The model also includes a quadratic control for concurrent cortisol, but we find no relationship between concurrent cortisol and outcomes on the test.
Predicted line and 95 percent confidence interval estimated using Stata's adjust command, based on the mean of all other control variables.
The quadratic term for responsivity is β = −1.446; p-value = 0.132. The linear estimate is null in this model, and it is actually slightly negative (β = −0.405; p-value = 0.504). We also tested cubic and quartic functions but they were also not statistically significant. Future tests with more power may confirm the inverse-U pattern.
Here, we add the low-stakes week as an additional observation, and we define reactivity based on the change from baseline to the given testing week.
The high-reactivity scores were lower than the low-reactivity (±10 percent) scores in science (−0.625, p-value = 0.009), reading (−0.493, p-value = 0.121), and math (−0.212, p-value = 0.240). Hausman tests indicated these coefficients sizes did not statistically differ across the three models (p-value = 0.237) and they jointly differed from zero (p-value = 0.001).

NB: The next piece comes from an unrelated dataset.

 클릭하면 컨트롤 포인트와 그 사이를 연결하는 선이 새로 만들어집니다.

When interacting demographic indicator variables with an indicator for reactivity, the coefficient was −0.639 standard deviation for high-reactivity male participants and −0.965 standard deviation for high-reactivity female participants, relative to non-reactors in the ±10 percent range (p-value of male–female difference = 0.317). The coefficient was −0.372 for participants from lower-poverty neighborhoods and −0.145 for higher-poverty participants (p-value of difference = 0.492). The coefficient was −0.557 for participants from lower-crime neighborhoods and −0.707 for higher-crime participants (p-value of difference = 0.638). The coefficient was −0.600 for participants who had below-median course grades and −1.000 for participants who had above-median course grades (p-value of difference = 0.182)

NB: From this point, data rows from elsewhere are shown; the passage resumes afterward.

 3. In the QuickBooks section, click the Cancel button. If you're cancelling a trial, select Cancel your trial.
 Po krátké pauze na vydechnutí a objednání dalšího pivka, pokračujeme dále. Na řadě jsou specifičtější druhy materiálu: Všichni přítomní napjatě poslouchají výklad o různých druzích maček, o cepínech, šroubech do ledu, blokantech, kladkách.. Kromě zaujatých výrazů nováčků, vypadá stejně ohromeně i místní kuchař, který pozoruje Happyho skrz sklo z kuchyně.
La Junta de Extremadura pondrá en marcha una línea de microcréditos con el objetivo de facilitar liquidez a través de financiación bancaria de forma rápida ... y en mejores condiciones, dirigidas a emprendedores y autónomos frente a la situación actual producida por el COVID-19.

Observed values for behavior infractions and rewards ranged from −30 to +10, with positive outcomes in areas such as “scholarship” (+5 points, 775 observed instances over the academic year across the 83 students with observed data) and being a “reading rockstar” (+10 points, 60 instances observed), and negative outcomes in areas such as “instigating and/or fighting/fronting (including play fighting)” (−20 points, 65 instances), a category called “bathroom” (−10 points, 833 instances), “major violations” (−10 points, 828 instances), “talking out of turn” (−5 points, 1,847 instances), and “line” (−2 points, 973 instances).
We identified every low- and high-stakes test day during the academic year. Using student fixed effects, we regressed an indicator for these day types, indicators for day of the week, and a continuous variable measuring the day of the year on an indicator for the probability that a student got in trouble on a given day. Students were less likely to get in trouble as the year went on, with the daily probability of getting in trouble dropping about 0.47 percentage points every ten calendar days. Tuesdays were the most likely day to get in trouble, followed by Wednesday, Monday, Thursday, and (much less likely) Friday.
Anecdotally, during our data collection we observed multiple instances of students acting out or acting differently during the high-stakes testing period than during the other data collection weeks. For example, a student was throwing up in the back of the room after the test; we were told protocol was to allow the students to leave their seats if they had to throw up. Another student “made a run for it” and led the staff on a chase through the school when we brought him to the hallway for his saliva sampling; they found him hiding in the kitchen. The behavior of students—and how that behavior might affect test scores—is an area in need of further systematic study for those who want to use test scores to make high-stakes decisions about students and school.
We interacted test type with an indicator for a responsivity greater than 10 percent and an indicator for a responsivity of less than −10 percent.